**ABOUT THIS TASK**
Reproduce only this range: the line holding "- 경품이벤트 참여 대상" through the last line of the data below, both included, exactly, with no pictures.

**DATA SHOWN**
++++

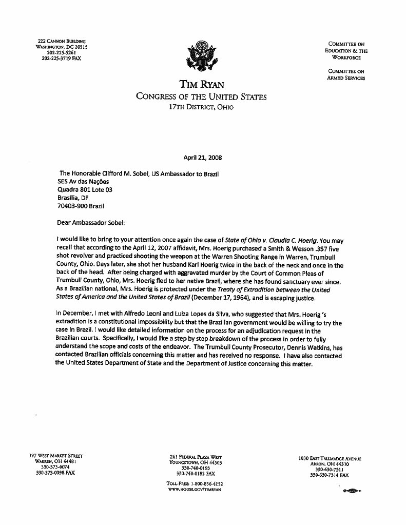 2008-04-21 Tim Ryan to U.S. Ambassador to Brazil C...
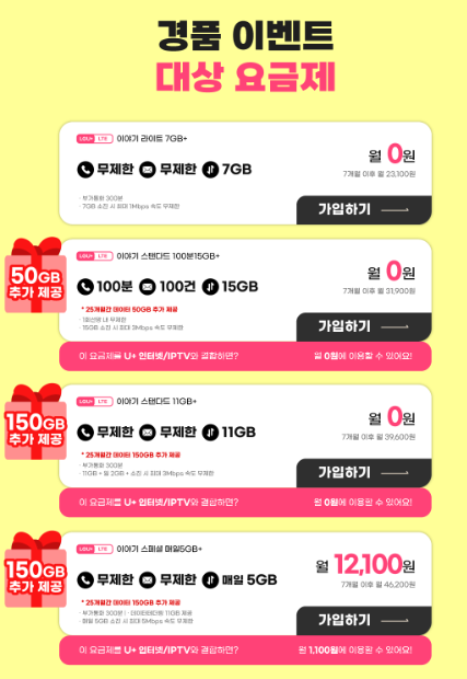 - 경품이벤트 참여 대상 요금제는 180일 유지기간이 있고 180일 안에 중도 해지할 경우 위약금이 청구되니 주의하시기 바랍니다.
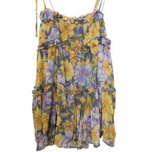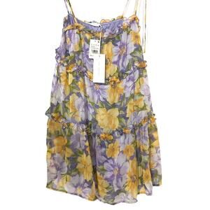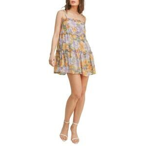Lush Dress Floral Tie Shoulder Ruffle Minidress In Lilac Mango Floral NWT Small

++++

**TASK SOLUTION**
 - 경품이벤트 참여 대상 요금제는 180일 유지기간이 있고 180일 안에 중도 해지할 경우 위약금이 청구되니 주의하시기 바랍니다.
Lush Dress Floral Tie Shoulder Ruffle Minidress In Lilac Mango Floral NWT Small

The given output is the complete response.